Stored data
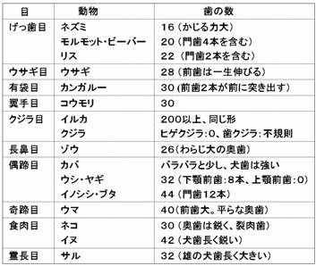 それ以外でも、ネズミの16本から、イノシシ・ブタの44本まで様々で、ほ 乳類の歯の数の基本は44本という原則とは全く無縁のデーターが出ています。
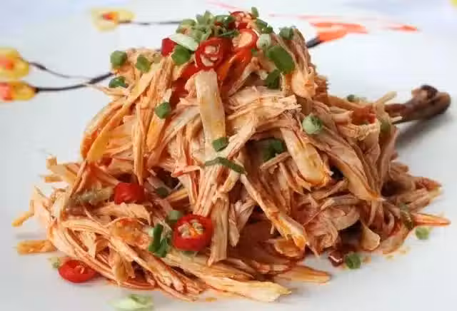 4.把涼透了的雞用手撕成小條,加木耳,倒入調味汁拌勻。
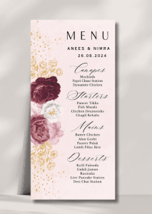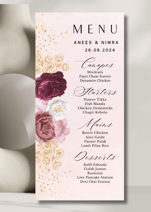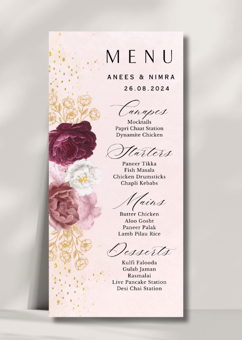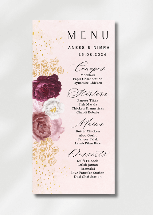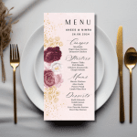 Our elegant Pink Clusters Menu announces all the dining details in store for your beloved guests. This beautiful design features delicate watercolour flowers rendered in shades of blush pink and deep burgundy.
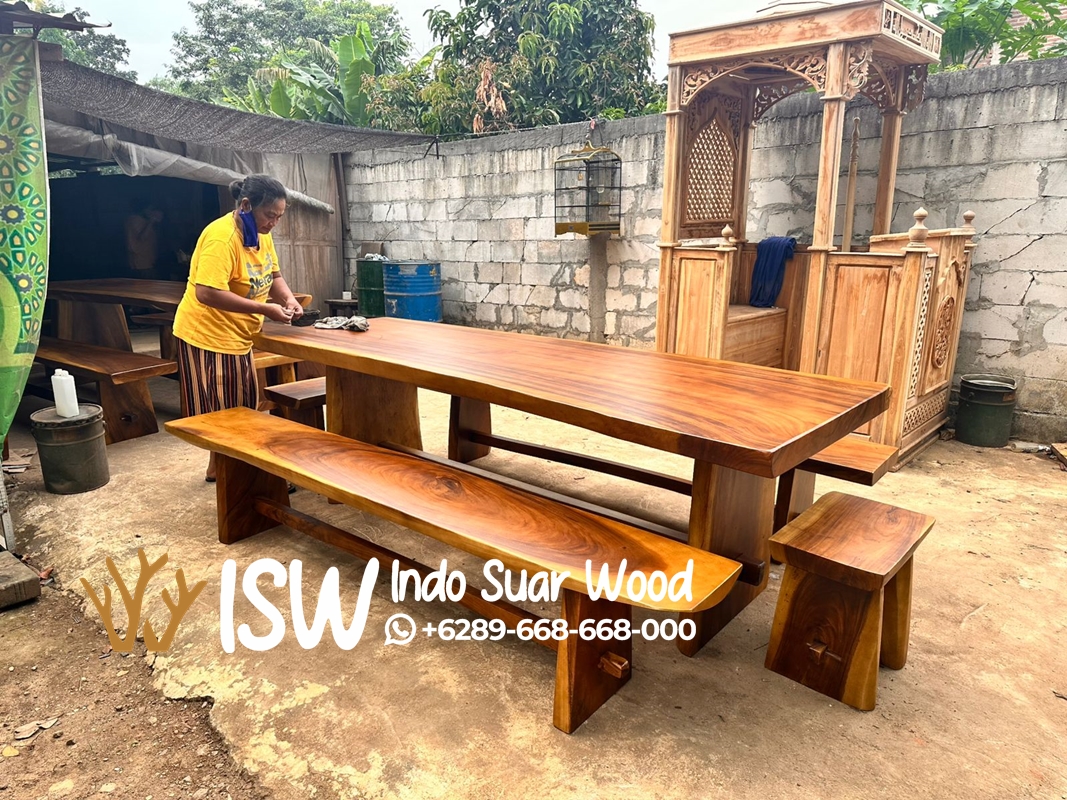 Kayu adalah bahan yang klasik dan tidak akan ketinggalan zaman. Desain meja kayu dapat disesuaikan dengan berbagai gaya interior, mulai dari klasik hingga modern. Meja kayu umumnya mudah dibersihkan. Cukup dengan lap kain atau kemoceng, noda dan debu dapat dengan mudah dihilangkan. Meja kayu dapat menciptakan suasana yang hangat dan akrab di dalam ruangan, menjadikannya pilihan yang baik untuk ruang makan atau ruang keluarga. Meja kayu yang dibuat oleh pengrajin terampil seperti kami dapat memiliki nilai artistik yang tinggi, menambah keindahan ruangan. Meja kayu umumnya tahan terhadap perubahan suhu dan tidak mudah rusak akibat paparan sinar matahari langsung namun, meskipun cukup kuat hindari terkena sinar matahari secara langsung dalam waktu yang lama karena dapat membuat warna dari Meja Kayu Utuh Panjang akan usang.
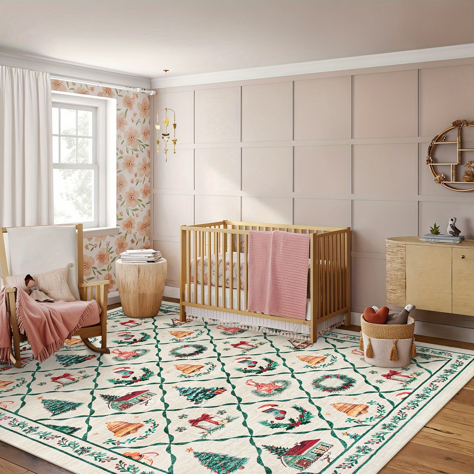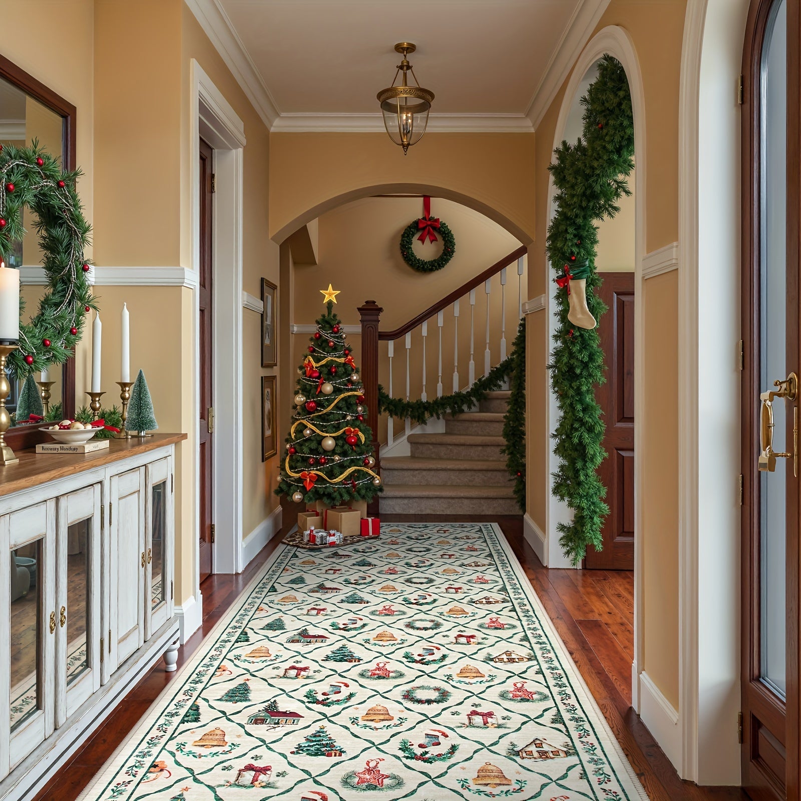 Moroccan Christmas Rug - Festive Non-Slip Holiday Carpet With Bells, Gifts, Christmas Tree. Washable Beige Rug Xmas Decor Throw Mat For Living Rooms, Entryways, And Kitchens

What to work on
Write the records out again verbatim and omit the pictures they contain.

Your solution
 それ以外でも、ネズミの16本から、イノシシ・ブタの44本まで様々で、ほ 乳類の歯の数の基本は44本という原則とは全く無縁のデーターが出ています。
 4.把涼透了的雞用手撕成小條,加木耳,倒入調味汁拌勻。
 Our elegant Pink Clusters Menu announces all the dining details in store for your beloved guests. This beautiful design features delicate watercolour flowers rendered in shades of blush pink and deep burgundy.
 Kayu adalah bahan yang klasik dan tidak akan ketinggalan zaman. Desain meja kayu dapat disesuaikan dengan berbagai gaya interior, mulai dari klasik hingga modern. Meja kayu umumnya mudah dibersihkan. Cukup dengan lap kain atau kemoceng, noda dan debu dapat dengan mudah dihilangkan. Meja kayu dapat menciptakan suasana yang hangat dan akrab di dalam ruangan, menjadikannya pilihan yang baik untuk ruang makan atau ruang keluarga. Meja kayu yang dibuat oleh pengrajin terampil seperti kami dapat memiliki nilai artistik yang tinggi, menambah keindahan ruangan. Meja kayu umumnya tahan terhadap perubahan suhu dan tidak mudah rusak akibat paparan sinar matahari langsung namun, meskipun cukup kuat hindari terkena sinar matahari secara langsung dalam waktu yang lama karena dapat membuat warna dari Meja Kayu Utuh Panjang akan usang.
 Moroccan Christmas Rug - Festive Non-Slip Holiday Carpet With Bells, Gifts, Christmas Tree. Washable Beige Rug Xmas Decor Throw Mat For Living Rooms, Entryways, And Kitchens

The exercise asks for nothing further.